Page MenuHomePhabricator

Cache not deleted on Special:DownloadAsPdf (current version of page not generated after generating old version of page)
Closed, DeclinedPublicBUG REPORT

Description

Alternate long title: Cannot generate the current version of a page as PDF after generating the older version of the page using Download As PDF.

Steps to replicate the issue (include links if applicable):

image.png (154×620 px, 50 KB)

What happens?:

The old version of the Pdf is cached in https://commons.wikimedia.org/api/rest_v1/page/pdf/Commons%3ASimple_media_reuse_guide%2Fid, and I don't know how long it would last. It could be hours, it could be years. There's no indication nor acknowledgement that the Pdf result may be from oldrevision, and users could be downloading the wrong version (different from what they saw on the page).

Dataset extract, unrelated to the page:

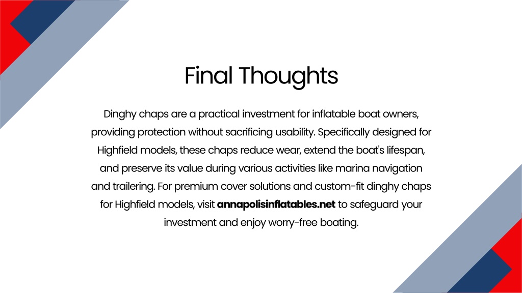 Owning an inflatable dinghy provides freedom on the water, but it also requires protecting your investment from UV exposure, abrasion, and frequent docking. These chaps for highfield dinghy serve as protective covers for inflatable tubes, offering practical benefits that enhance both performance and longevity. For Highfield boat owners, highfield dinghy chaps have become an essential upgrade rather than just an optional accessory. To learn more about the advantages of dinghy chaps, check out this PPT!<br>For more details, visit Annapolis Inflatables or https://annapolisinflatables.net/products/ch
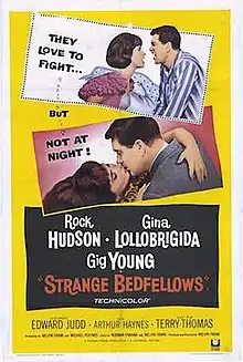 Strange Bedfellows is a 1965 American comedy film directed by Melvin Frank and starring Rock Hudson, Gina Lollobrigida, Gig Young, and Terry-Thomas.[1] It was released by Universal Studios.

Worst case scenario, a vandal could insert vandalism, and generate the Pdf (first time; nobody else ever generate Pdf for that article), which contain his vandalism and could stay forever in Pdf form.

Users don't have control on how long the old version would be cached, and cannot purge the cached PDF to generate the newest version of the Pdf

What should have happened instead?:

There's a button to clear cache of the PDF

Software version (skip for WMF-hosted wikis like Wikipedia):

Other information (browser name/version, screenshots, etc.):

Probably related to T46186, a ten year old bug.

Event Timeline

Bennylin updated the task description. (Show Details)
Aklapper renamed this task from Cannot delete cache on Special:DownloadAsPdf to Cache not deleted on Special:DownloadAsPdf (current version of page not generated after generating old version of page).Feb 28 2023, 8:35 PM
Aklapper added a project: Proton.

I tried downloading again today, and has been able to download the latest version. So I believe the cache is there for a couple hours to one or two days.

I have no problem with this ticket closed. But I think there's still a case for making a "delete/purge cache" button for the special page, just like how "&action=purge" forces a page to be re-cached.

The output of the PDF renderer is cached only for 10 minutes to prevent mass rendering of the same article/regenerating the same content. PDFs are generated by a standalone service called Proton, and the implementation from the beginning didn't listen to purge events.

@Bennylin do you think that we still require a way to purge the cache, even if TTL of it is so low? This is doable but I'm not sure if this is worth the extra complexity on the infrastructure layer.

After what you've explained, I don't think it is needed. Thanks!

Thank you for your cooperation in this matter. Ticket closed.